万俟琛看着虚弱的书翘,眼前一阵昏眩,他那一瞬间好似看到了佟婧琬,当年自己设计让她落马滑胎时,她也是这般痛苦不堪,却不肯相信太医。其实自己当初何尝不是心痛至极,可是大业未成,即使是孩子他也愿意舍弃。老天是公平的,所以这么多年才让自己得了一儿一女仅存世上,他发誓自己一定要好好保护自己的子嗣。
如今书翘刚刚怀孕,自己都不知道,却被人设计流了产,这件事仿佛自己当年犯的错一般,经典再现,所以万俟琛更是害怕,他搂着书翘的腰问着跪在地上哭倒的张灵韵:“把今天的事原原本本地给朕讲来!”
张灵韵的本事也不深,她见万俟琛来这么久才反应自己在这里,问的事也是关于书翘的,心中划过意思嫉妒,脸上却是面不改色,将今日四妃御花园里赏花,赵云珞处处针对书翘,书翘处处忍让,赵云珞的手链断了书翘摔倒一事细细道来,她虽然没有提及赵云珞是有心或是无意,但是听在了万俟琛的耳里分明就是,赵云珞因为妒忌书翘的身份逼自己高,心下愤恨,所以故意扯断手链纵使书翘摔跤滑胎。
万俟琛听得结束已经是火冒三丈,他小心翼翼地将书翘靠在枕头上,然后突然站起来,指着张灵韵身后的宫女道:“赵云珞呢,让她来见朕!”他果然来时太急匆,根本就没有注意到跪在地上的瑜妃和赵云珞。
巧的很的是,万俟琛指的宫女正是瑜妃的宫女,她大气也不敢喘一下就跑出去,扶起自家还跪在地上的娘娘和面如死灰的赵云珞,低声道:“娘娘,皇上他在屋里大发雷霆,让云嫔娘娘进去呢。”
瑜妃摇摇头看着宫女,先一步进了寝宫,就看见万俟琛脸色不郁地看着门的方向,她心中一惊,想不到万俟琛已经对书翘这般在乎,他眼中的狠厉就像是要扒云儿的皮,抽云儿的筋一般恐怖,纵使瑜妃没有做什么见不得人的事,也因为万俟琛的眼神不得已后退几步。
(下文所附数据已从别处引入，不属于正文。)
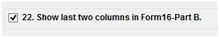In order to print additional information on ‘Total Tax Deducted’ and ‘Shortfall/ Excess’, one needs to check the box displaying ‘Show last 2 columns in Form 16-Part B’.
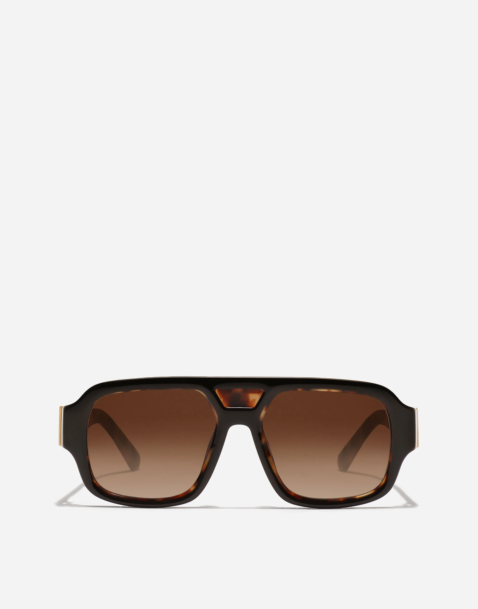 The iconic navigator in acetate reinterpreted in a geometric version with bolder volumes • Black on red havana acetate frame • Black on red havana acetate temples • Gradient brown lenses • 100% UV protection • Size bridge - temple- lens: 18 - 145 - 46.3 mm • Fitting: Standard • Packaging: Institutional • Made in Italy

“赵云珞呢?”像是等得有些不耐烦,万俟琛的恐怖声调随着空气慢慢渗入在场每一人的心中,张灵韵离他很近,跪在地上的她生生打了一个寒颤,她庆幸自己没有得罪万俟琛,否则连怎么死的都不知道。
瑜妃已经感受到自己背后瑟瑟发抖地赵云珞,她心一横拖着赵云珞跪下:“皇上,云儿只是无意之中使得书妃妹妹摔跤滑胎,求皇上开恩!”
万俟琛站起来,慢慢走到赵云珞的眼前,他眼中寒芒闪烁,一脚踢向赵云珞的肚子,赵云珞疼得捂住肚子,额头上的冷汗一阵一阵地滴落在了地上,她却连声疼都不敢发出,她知道,自己若是喊疼,下面必定更是凄惨!
“云儿!”瑜妃返身扶着赵云珞的身子,关切地喊道,她看着万俟琛,眸中哀怨,“皇上,妹妹她只是无心,皇上开恩哪,臣妾就这么一个亲人了,皇上饶了她的无心之过吧!”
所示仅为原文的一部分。